[Exercise materials — start]

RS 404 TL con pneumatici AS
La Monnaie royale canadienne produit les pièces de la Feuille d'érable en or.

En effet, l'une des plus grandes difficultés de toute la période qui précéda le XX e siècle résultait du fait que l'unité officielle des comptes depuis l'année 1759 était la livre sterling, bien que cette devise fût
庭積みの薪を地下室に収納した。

[Exercise materials — finish]
[Exercise materials — start]

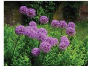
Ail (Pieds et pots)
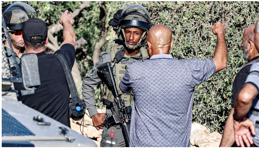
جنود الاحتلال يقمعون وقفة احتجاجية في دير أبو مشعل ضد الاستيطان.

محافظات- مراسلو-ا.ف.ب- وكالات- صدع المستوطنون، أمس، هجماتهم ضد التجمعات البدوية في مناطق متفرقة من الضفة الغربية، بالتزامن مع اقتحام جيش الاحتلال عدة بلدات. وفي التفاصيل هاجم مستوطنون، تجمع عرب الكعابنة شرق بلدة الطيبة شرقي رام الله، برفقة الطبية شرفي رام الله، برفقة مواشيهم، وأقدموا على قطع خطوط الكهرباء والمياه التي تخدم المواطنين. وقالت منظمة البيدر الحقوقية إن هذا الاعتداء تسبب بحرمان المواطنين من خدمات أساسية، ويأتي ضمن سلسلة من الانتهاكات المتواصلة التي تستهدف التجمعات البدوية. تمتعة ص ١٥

[Exercise materials — finish]
[Exercise materials — start]

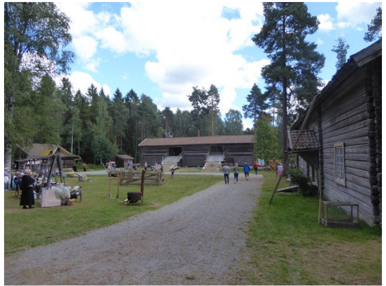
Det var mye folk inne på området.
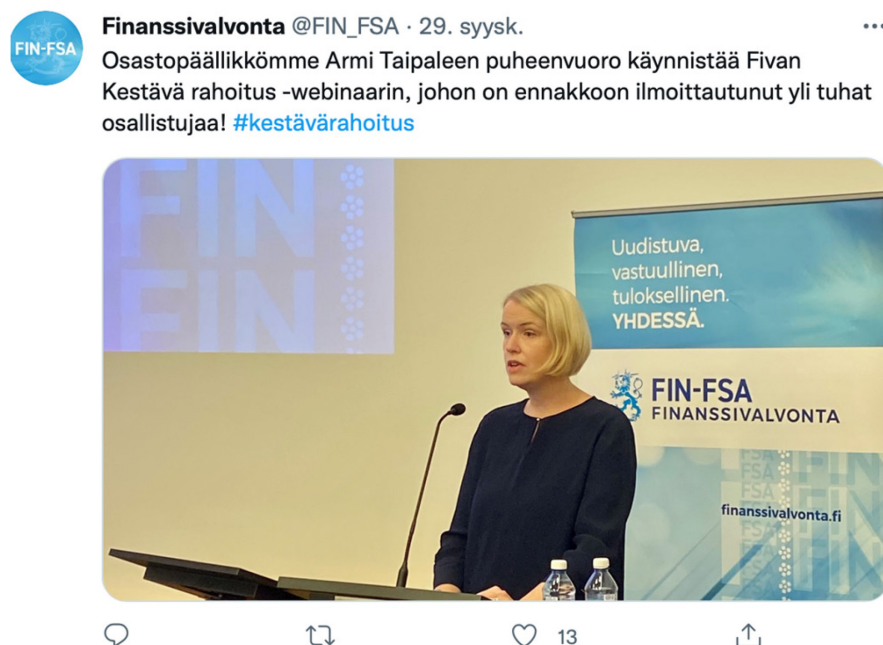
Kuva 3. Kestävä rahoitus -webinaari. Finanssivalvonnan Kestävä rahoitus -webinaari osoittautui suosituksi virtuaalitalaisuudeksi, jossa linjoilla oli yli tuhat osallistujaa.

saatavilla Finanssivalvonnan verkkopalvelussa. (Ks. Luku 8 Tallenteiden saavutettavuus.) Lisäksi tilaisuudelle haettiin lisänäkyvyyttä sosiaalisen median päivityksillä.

[Exercise materials — finish]

▶ _To do_
Write out exactly the lines above between the line with "Kuva 3. Kestävä" and the line with "saatavilla Finanssivalvonnan verkkopalvelussa.", inclusive, and nothing beyond them.

▶ _Your response_
Kuva 3. Kestävä rahoitus -webinaari. Finanssivalvonnan Kestävä rahoitus -webinaari osoittautui suosituksi virtuaalitalaisuudeksi, jossa linjoilla oli yli tuhat osallistujaa.

saatavilla Finanssivalvonnan verkkopalvelussa. (Ks. Luku 8 Tallenteiden saavutettavuus.) Lisäksi tilaisuudelle haettiin lisänäkyvyyttä sosiaalisen median päivityksillä.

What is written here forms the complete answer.